Quem passou pela Casa de Cultura Mario Quintana (CCMQ) durante a tarde desta quinta-feira (21) percebeu que a água que saía das torneiras estava verde. Isso porque um coletivo de artistas derramou corante verde alimentício na caixa d’água do local, em uma intervenção chamada Verter.
“O verde é muito vinculado ao movimento feminista, principalmente na Argentina, mas na América Latina como um todo. Os pañuelos, que são os lenços verdes, começaram lá na Argentina para simbolizar a luta pela descriminalização do aborto. Então o verde conectou os territórios da América Latina por essa luta”, explica a artista Anna Ortega. O movimento argentino ficou conhecido como maré verde.

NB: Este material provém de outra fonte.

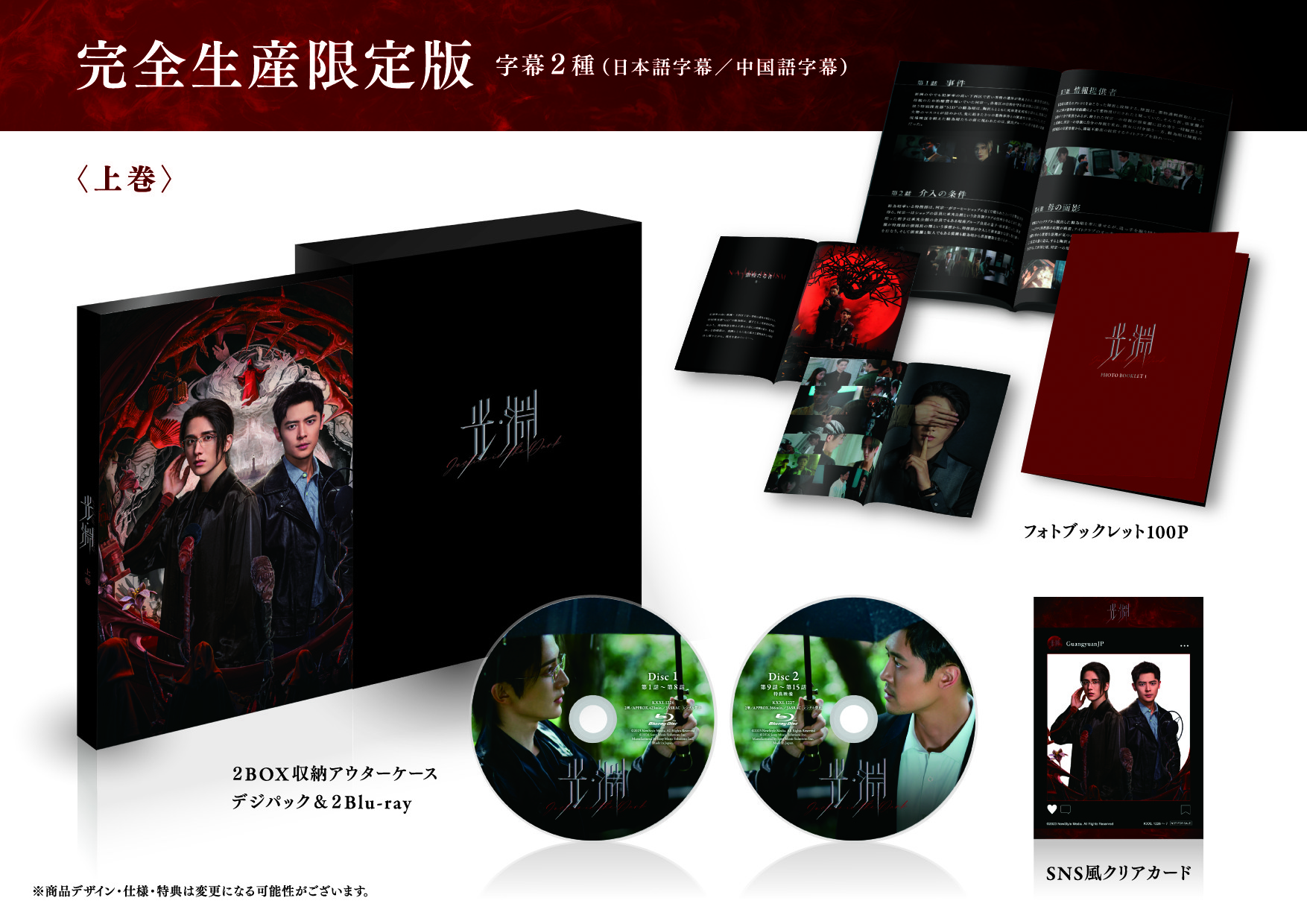 本商品には、メイキングやMVなどを含む特典映像を上巻に約35分、下巻に約45分収録予定。封入特典として、上巻には2BOX収納アウターケース、フォトブックレット100P、SNS風クリアカードを、下巻にはフォトブックレット100P、インスタントフォト風カード2枚を付属いたします。
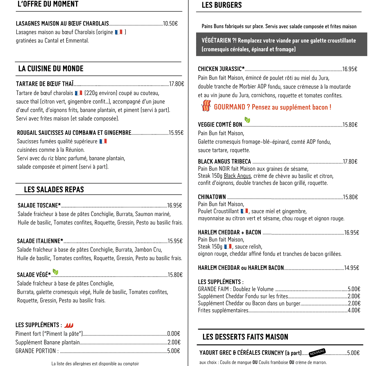 Certains plats peuvent être temporairement indisponibles selon nos arrivages frais quotidiens.
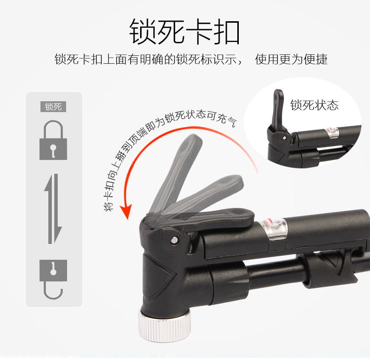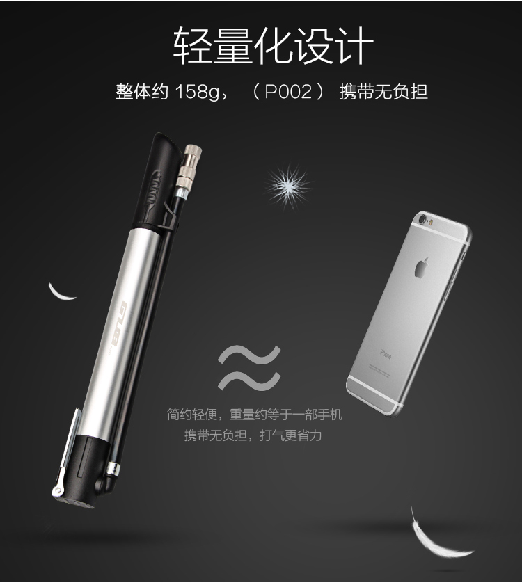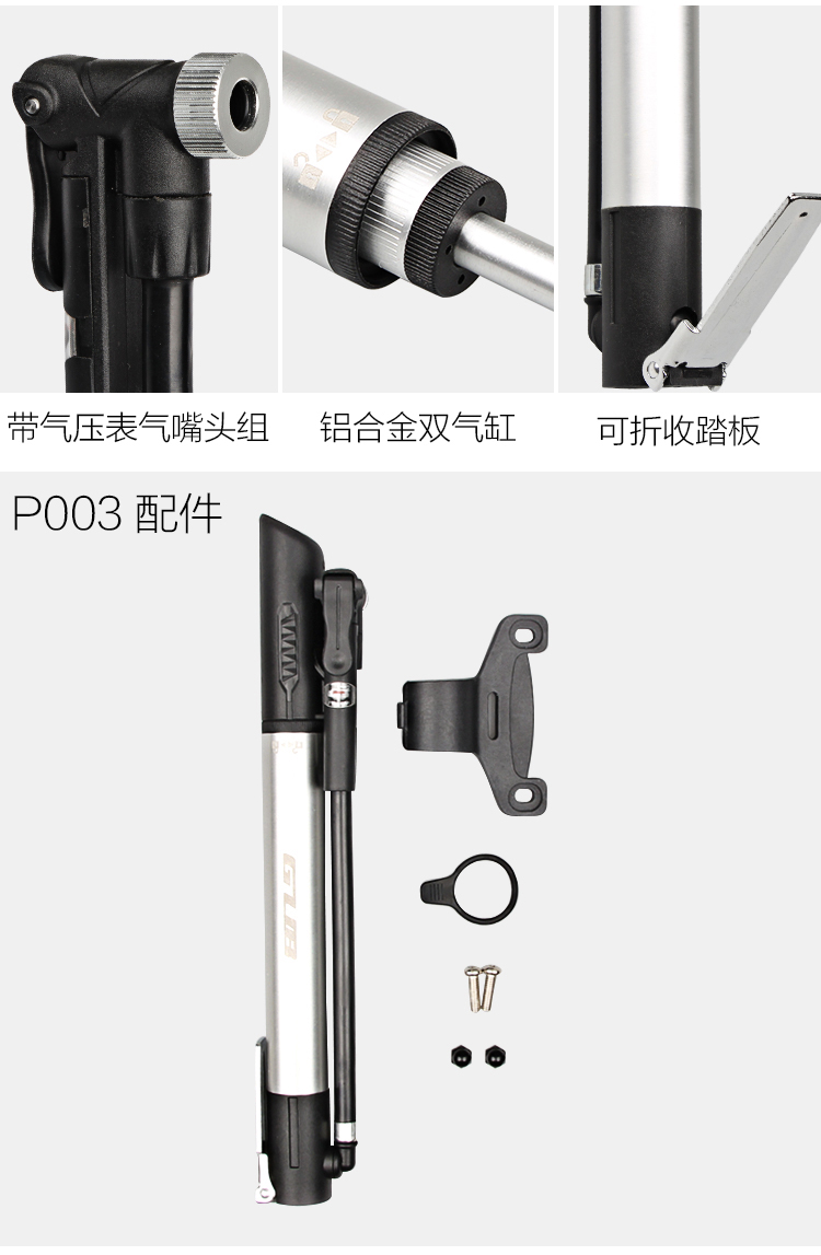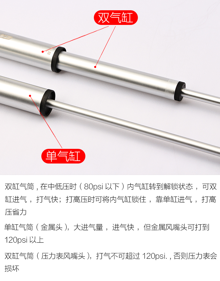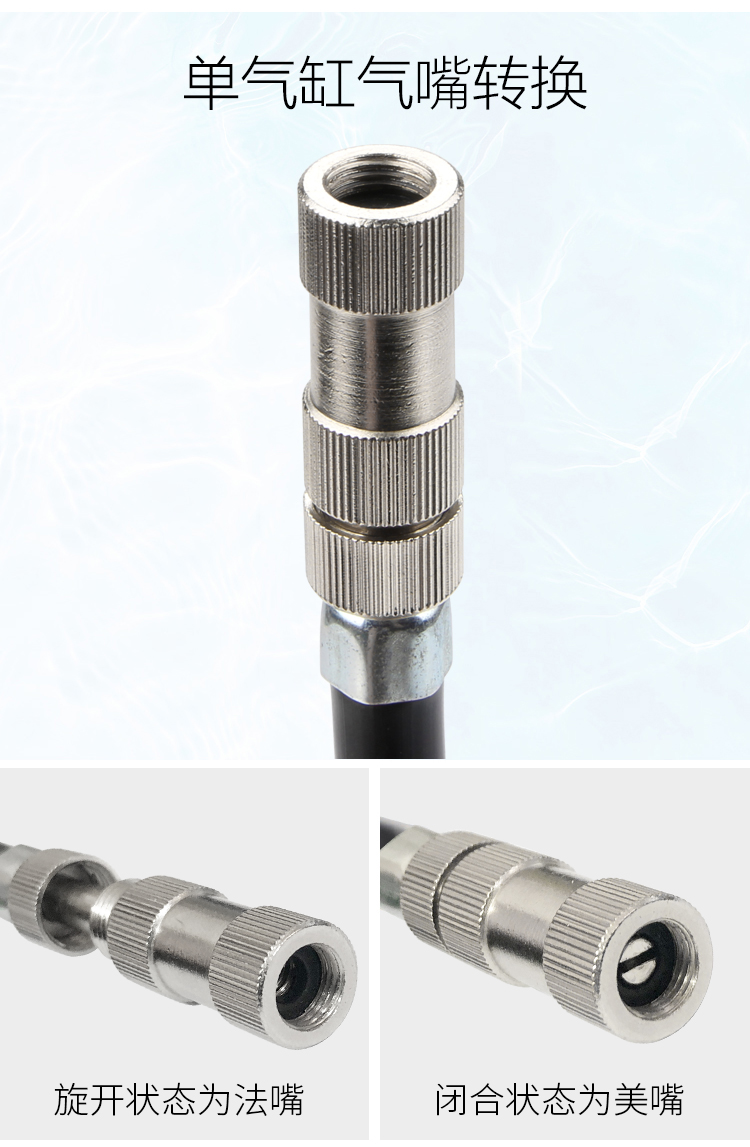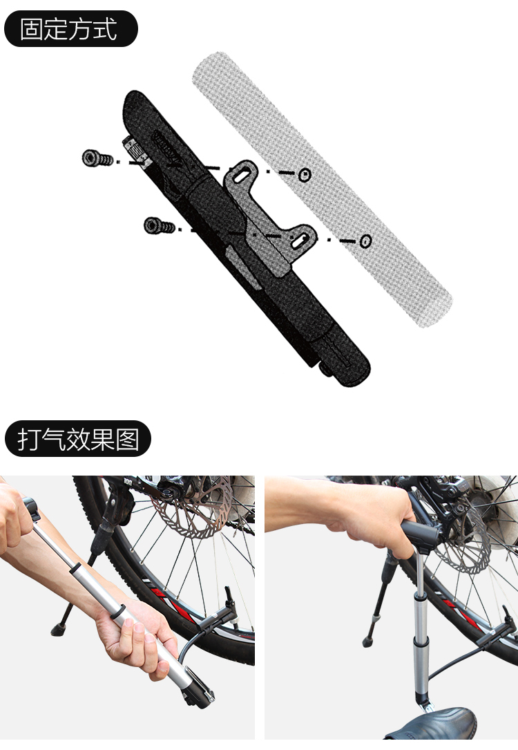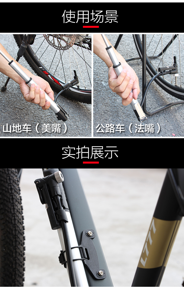 特點(diǎn):鋁合金氣缸,體積小不占地方,美嘴法嘴兼用,帶固定支架可安裝在車架上

Enquanto as artistas conversavam com a reportagem, algumas pessoas que utilizavam a torneira do terceiro andar da CCMQ se espantaram ao ver a água colorida. “A ideia é de contagiar uma casa, uma instituição. A gente se infiltrar numa instituição pública, do Estado, tem a ver com tomar esses espaços e tornar visível a luta pela descriminalização do aborto, que vem se espalhando como uma maré”, completa a artista Andressa Cantergiani.
A escolha da data se deu em alusão ao Mês da Mulher. “Mas a gente também entende que é uma causa muito importante para pessoas não binárias, enfim, pessoas que podem gestar. É um termo que engloba outras identidades de gênero que também são atravessados pela questão do aborto”, lembra Anna.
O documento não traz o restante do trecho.